O mal de quem tem a imaginação fértil é ter a capacidade de auto-sabotagem num nível quase extremo. Quem será que, além de mim, já passou por algo assim? Viver uma história fora da sua própria por 48 horas, ou menos até?Eu queria conseguir sair do meu corpo e assistir às minhas próprias ações nestes momentos, acho que sentiria…. vergonha alheia! E sim, isto é quase uma piada. Seria engraçado se não fosse (quase) trágico!

O bom de quem tem a imaginação fértil é que, quando se dão estas presepadas de auto-sabotagem a gente tem um tipo de “wake up call”, um chamado de volta à realidade, e a frustração daquele pequeno…surto, vira uma (fonte? Bica, bica é melhor) bica de autoconhecimento, uma bica que gera um (lago? Não, lago não. Espelho d’água, espelho d’água é melhor) espelho d’água que vai refletir a imagem do ser que você é, e não do ser que gostaria de ter se tornado.

Eu gostaria tanto, mas tanto de poder escrever abertamente sobre tudo o que eu sinto e penso e vivo, mas não posso. Me restam apenas as minhas grandes amigas, analogia e figura de linguagem, e boa sorte pra quem tentar decifrar qualquer uma delas! Não vai conseguir.

Eu dou meia-volta nessa conversa, de repente me sinto uma menininha de oito anos, olhando pela janela do quarto e pensando, com minhas marias-chiquinhas, como será que é o lado de fora. Não o quintal, mas as ruas, a cidade, os barulhos, os céus, as nuvens e os sóis que eu não vejo.

Continuo sendo muito amiga da minha imaginação. E continuarei fazendo uso da auto-sabotagem, porque pessoas como eu são assim, entende? Não, eu sei. Mas tudo bem. 

O fato é que, seja lá o que for que eu sinta, ou que invente que sinta, fico feliz por sentir. Sentir é estar vivo. Estar vivo é, às vezes, se auto-sabotar assim. De maneiras estupidamente necessárias. 

Isso.

Entre Você e Eu

De volta às Aventuras Escritas! Senti falta de falar com você por aqui.
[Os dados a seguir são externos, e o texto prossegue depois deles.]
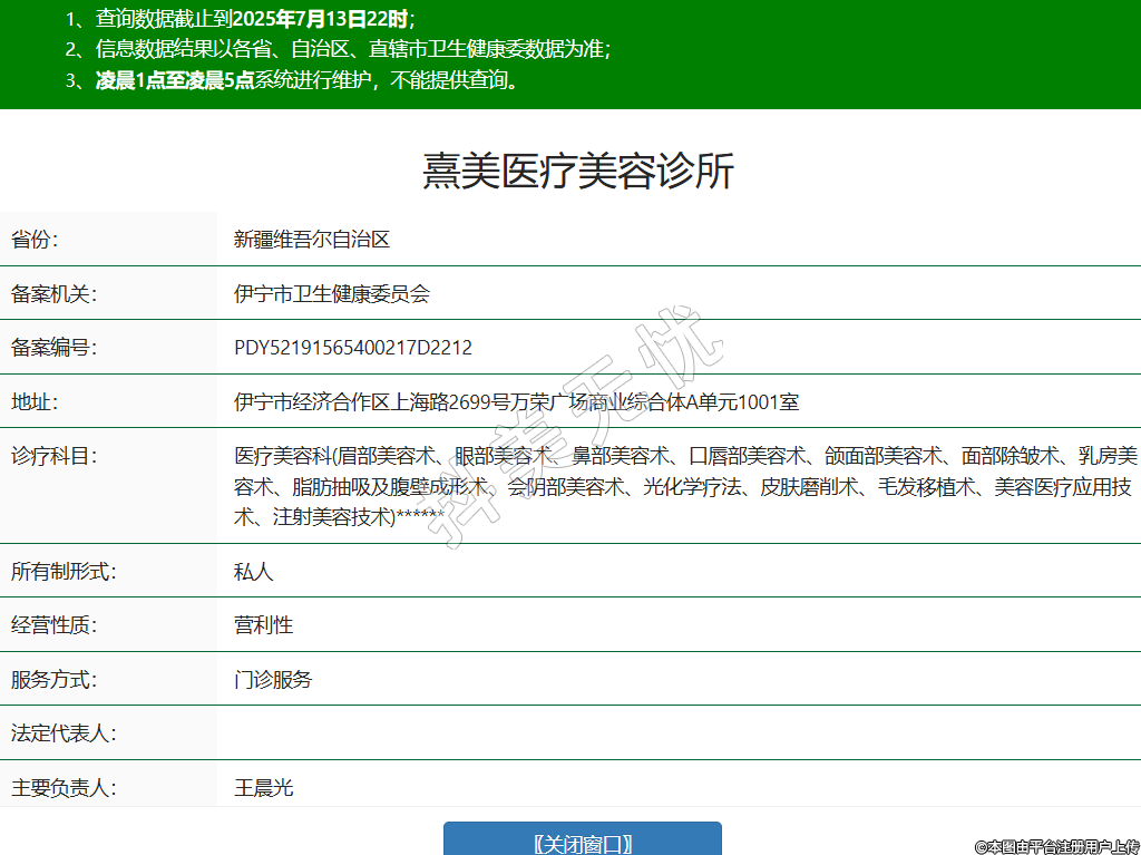 省份:新疆維吾爾自治區(qū)備案機(jī)關(guān):伊寧市衛(wèi)生健康委員會(huì)備案編號(hào):PDY52191565400217D2212地址:伊寧市經(jīng)濟(jì)合作區(qū)上海路2699號(hào)萬(wàn)榮廣場(chǎng)商業(yè)綜合體A單元1001室診療科目:醫(yī)療美容科(眉部美容術(shù)、眼部美容術(shù)、鼻部美容術(shù)、口唇部美容術(shù)、頜面部美容術(shù)、面部除皺術(shù)、乳房美容術(shù)、脂肪抽吸及腹壁成形術(shù)、會(huì)陰部美容術(shù)、光化學(xué)療法、皮膚磨削術(shù)、毛發(fā)移植術(shù)、美容醫(yī)療應(yīng)用技術(shù)、注射美容技術(shù))******所有制形式:私人經(jīng)營(yíng)性質(zhì):營(yíng)利性服務(wù)方式:門診服務(wù)法定代表人:主要負(fù)責(zé)人:王晨光備案日期:2024/10/08 -
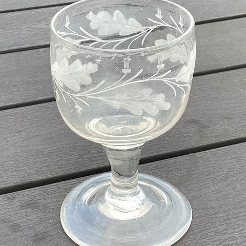 Rigtig fint vinglas med egeløv og agern. Tænker det er fra 1800 tallets slutning. Højde 11,3 cm.
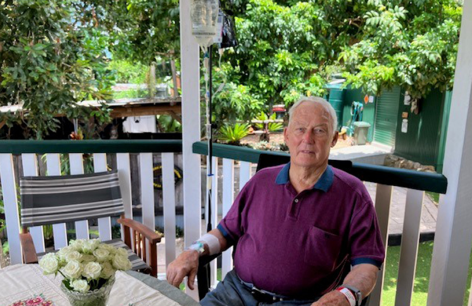 Mr Feeney chooses to have his treatments on his back deck, one of his favourite places to spend time.
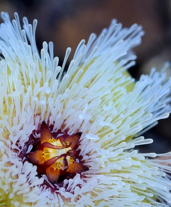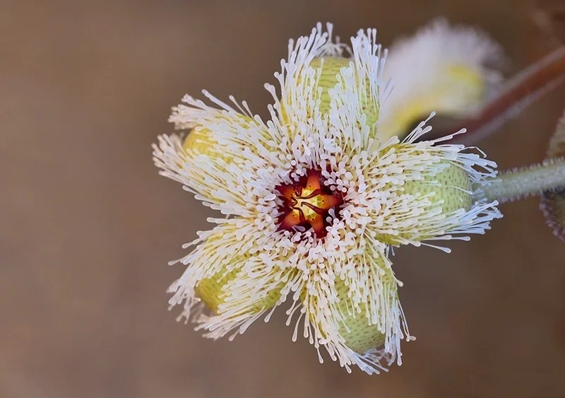 🌼 Éclatantes fleurs stellaires : Les fleurs en forme d'étoile, d'un diamètre allant jusqu'à 3,5 cm, apparaissent à l'automne à la base des jeunes tiges. Leur corolle est d'un vert jaunâtre clair, striée de rouge pâle, et est recouverte de poils blancs translucides, leur conférant une apparence magique.
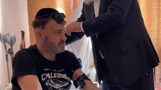 רוסלן, חייל יהודי מקייב נלחם בחירוף נפש אך כמעט איבד את חייו בשדה המוקשים בחבל דונבאס ● בבית החולים הוא זכה להניח תפילין עם רבה הראשי של קייב הרב יונתן מרקוביץ ולברך ברכת הגומל על החיים שקיבל במתנה.
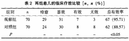 2.2 兩組患兒的臨床疔效比較 觀察組患兒的治療總有效率為95.71%,顯著高于對照組患兒的88.57%(P<0. 05)。見表2
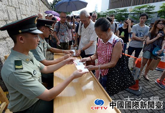 中国国际新闻台(www.ciftv.com)据大公网6月27日讯(记者孙凌奕)再过几日,香港将迎来回归祖国19周年的日子,解放军驻港部队将于七月一日和二日举行军营开放日。昨日上午,驻港部队在六个军营门口免费派发2.6万张门票,虽然天气炎热,但市民希望一睹军营风采的心情非常热切。有家住大埔的市民凌晨四时便搭通宵巴士前来排队取票,亦有市民已连续十余年参与军营开放日的活动,还有人表示看到国家军事强大,“作为中国人很骄傲”。

Vamos tornar nosso diálogo um pouco menos impessoal – vou tentar escrever no estilo one-on-one daqui para frente. Vou evitar o plural, e vou evitar imaginar um público com diversas faces e focar somenda sua. No seu rosto, nos seus sentimentos, e no que eu posso provocar, com as minhas palavras, dentro da sua cabeça. Sim, você.

Há momentos em que eu realmente gostaria de canalizar mais do meu tempo e da minha energia escrevendo aqui, compartilhando cada detalhe do que acontece comigo, catalogando os episódios da minha vida, e dando ênfase às verdadeiras aventuras que acabo vivendo de tempos em tempos. Dar jus ao nome do Blog, entende?

Só que ultimamente, e um pouco inesperadamente, confesso que andei canalizando meu tempo e energia no mundo real. Ando sentindo cada vez mais prazer em me conectar com o mundo e com as pessoas de maneira física, e aos poucos acabei esquecendo da minha rotina digital, que por anos, foi uma parcela muito importante da minha vida como um todo.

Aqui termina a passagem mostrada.